What you do after a workout session is as important as what you do during exercise. If you want to maximize your efforts, you need to pay attention to post-workout recovery.
Here are five essential tips to optimize your hard work.
Stretching needs to be done directly after your workout session. Because the muscles haven’t cooled down yet, you rapidly get the blood circulating properly throughout the body. Exercise causes a build-up of lactic acid and stretching helps to remove this from the system faster. If you don’t have much time, concentrate on the muscles that worked the hardest.
You should not stretch to the point of pain. What you want to achieve is flexibility without stiffness. Should you experience muscle fatigue and weakness after a workout, you may want to consider taking a day to rest between sessions once a week.
Exercise does damage the muscle fibers. You need to take in extra protein to make up for this loss and give the body what it needs to undertake repairs. Make sure you get in a protein-rich meal after your workout. For best results, take in 20 to 40 grams of protein shortly after exercising.
The glycogen in your muscles is used to fuel the body during exercise but is quickly exhausted. You will not be able to sustain a daily workout regime if glycogen is not being replaced. Carbohydrates such as rice and potatoes are good for post-exercise restoration.
Glycogen synthesis is very much dependent on hydration as well as replacing the stores that you used up during exercise. Hydration also ensures that your body temperature is correctly maintained and that tissues are repaired. You should have eight glasses of water daily with an extra glass for every 15 minutes of workout.
Kratom is a product that is excellent for muscle fatigue and post-exercise pain. If you are feeling lethargic after a workout, it will quickly replenish your energy levels. While there are several good kratom extracts, you can blend more than one strain to get the perfect mix for your post-workout recovery.
The recommended portions of five fruits and vegetables a day are especially applicable to the person who does regular exercise. The body will experience oxidative stress after a workout.
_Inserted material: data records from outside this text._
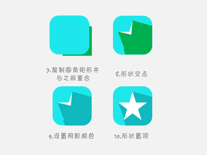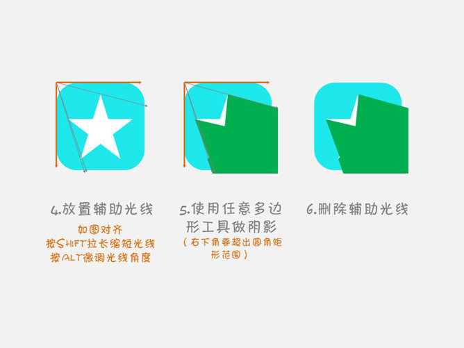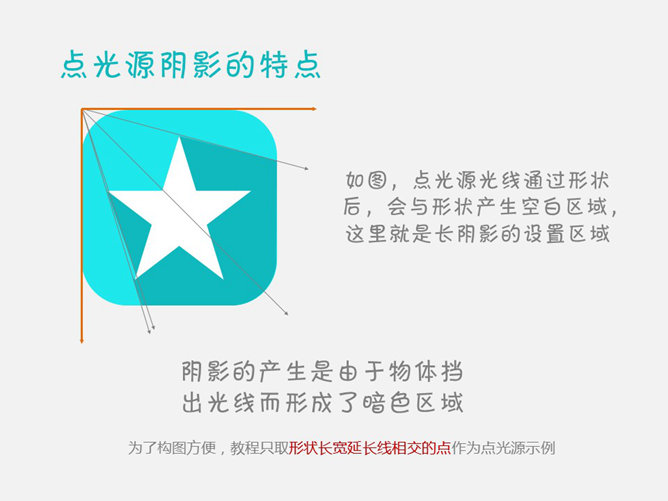 点光源长阴影效果设计PPT教程。步骤:1、圆角矩形。2、图标主体。3、左右、上下对齐。4、放置辅助光线。5、使用任意多边形工具做阴影。6、删除辅助光线。7、复制圆角矩形并与之前重合。8、形状交点。9、设置阴影颜色。10、形状置顶。作者:只为设计。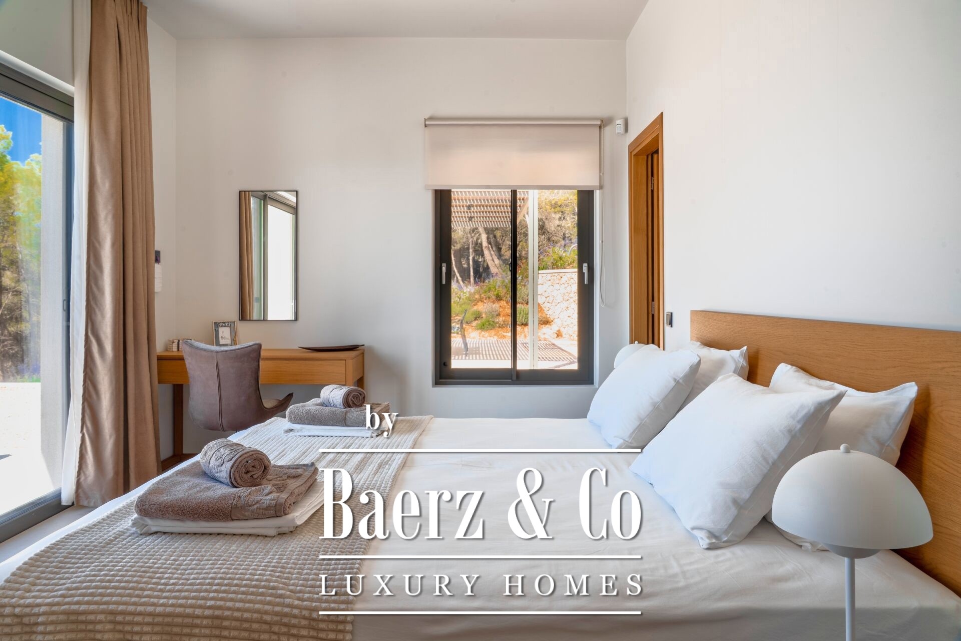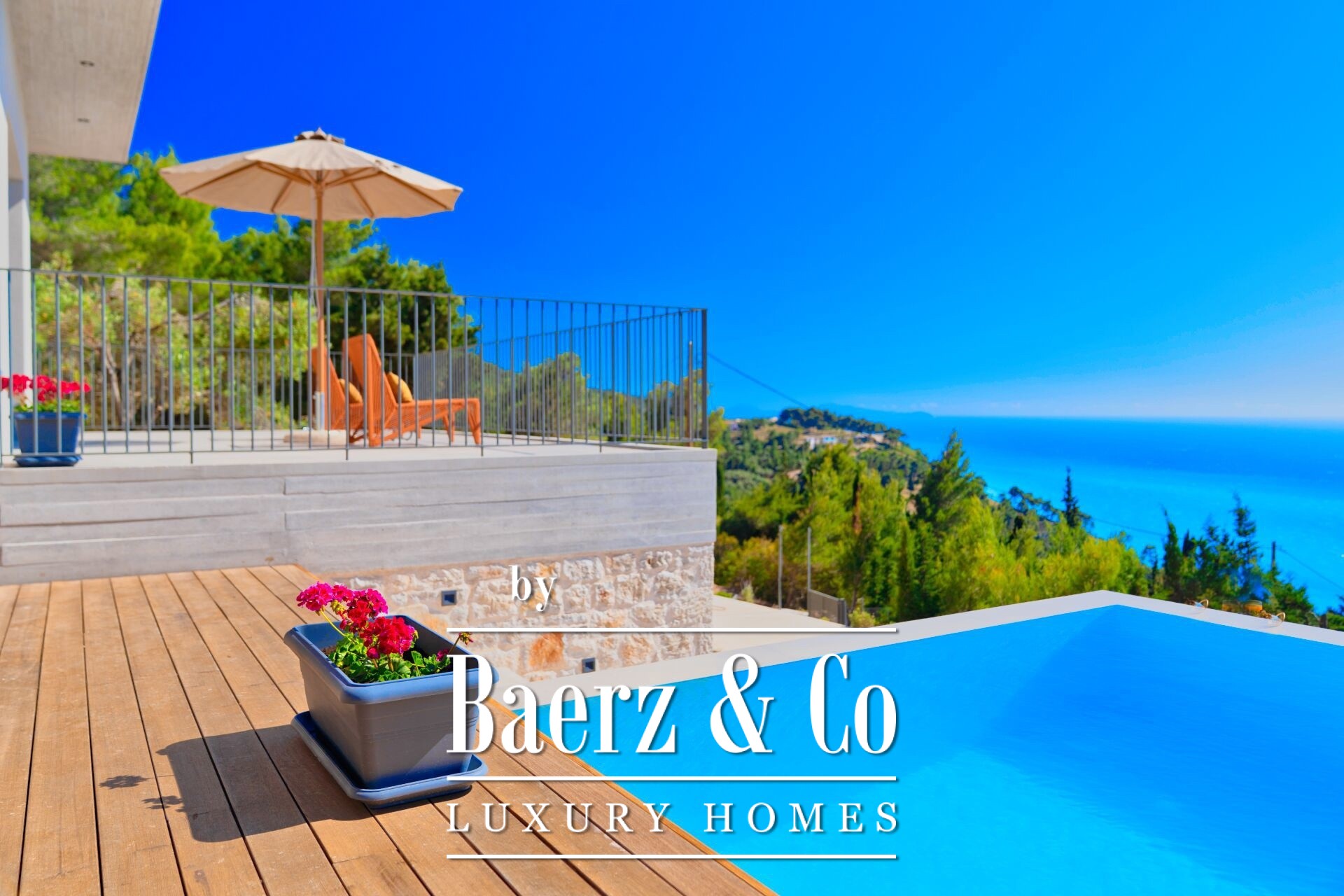 Nestled in an idyllic pine forest, just 600 meters from the sea, this newly built luxury villa of 247 sq.m. stands on a private plot of 4.679 sq.m., offering total privacy, a refreshing breeze, and the delicate aroma of pine trees that defines the surrounding landscape. The villa enjoys breathtaking panoramic views of the Ionian Sea, the mountains, and the lush greenery of Lefkada.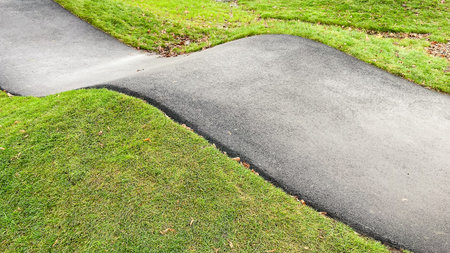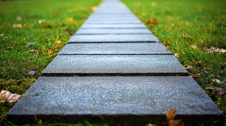 A serene walkway paved with tiles stretches through a lush green park. Ideal for nature lovers, this image captures a tranquil path, inviting exploration and relaxation.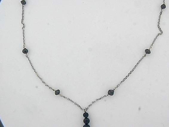 14K WHITE GOLD HAND MADE NECKLACE WITH (11PC) CRYSTAL CUT BLACK DIAMOND TOTAL OF 9.50CT .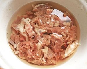 切好的羊肉片在水里浸泡若干小时,泡出血水。中途要换几次水。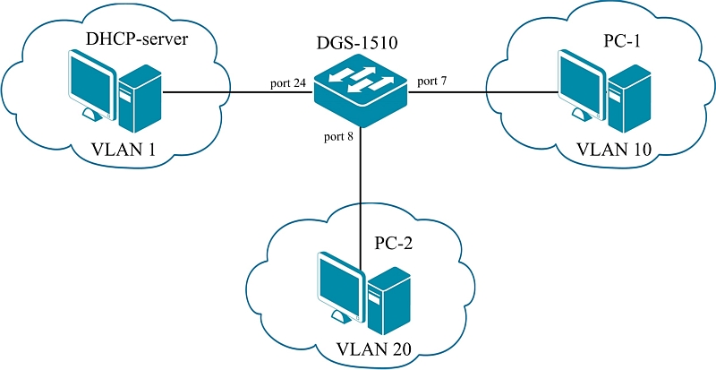 Добавляем порты в созданные VLAN. В этом примере порт 7 добавляется во VLAN 10, порт 8 добавляется во VLAN 20, а DHCP-сервер будет подключен в порт 24, находящийся во VLAN 1.

Fruits and vegetables are the best sources of antioxidants to counter this. However, you should not try to get antioxidants from supplements as the proportion of vitamins can be too much or too little, whereas whole foods are perfectly balanced.
The body does most of its repair work while we are asleep. If you exercise every day, then you should set a goal of eight to nine hours of restful sleep. For some people, this is easier said than done. It helps if you establish a routine of winding down for half an hour before you should be in bed. Switch off the television, stop gaming, and put away your mobile. Use this time to quieten the mind and get in a few deep, calming breaths.
The muscles are enclosed in connective tissue which can add to pain after exercise. Myofascial release is a technique for reducing this discomfort and aiding flexibility. Not only is recovery enhanced but so is your next workout. This procedure involves applying pressure to these connective tissues using a foam roller. Massage is a good way to supplement myofascial release.
Not just any bedtime snack will do. You want to have casein protein that digests slowly.
The ideal snacks are cottage cheese or Greek yogurt as they digest slowly. This will provide the body with essential nutrients in the form of amino acids for synthesizing protein in muscles during sleep.
Follow these tips and get the most out of your exercise routine.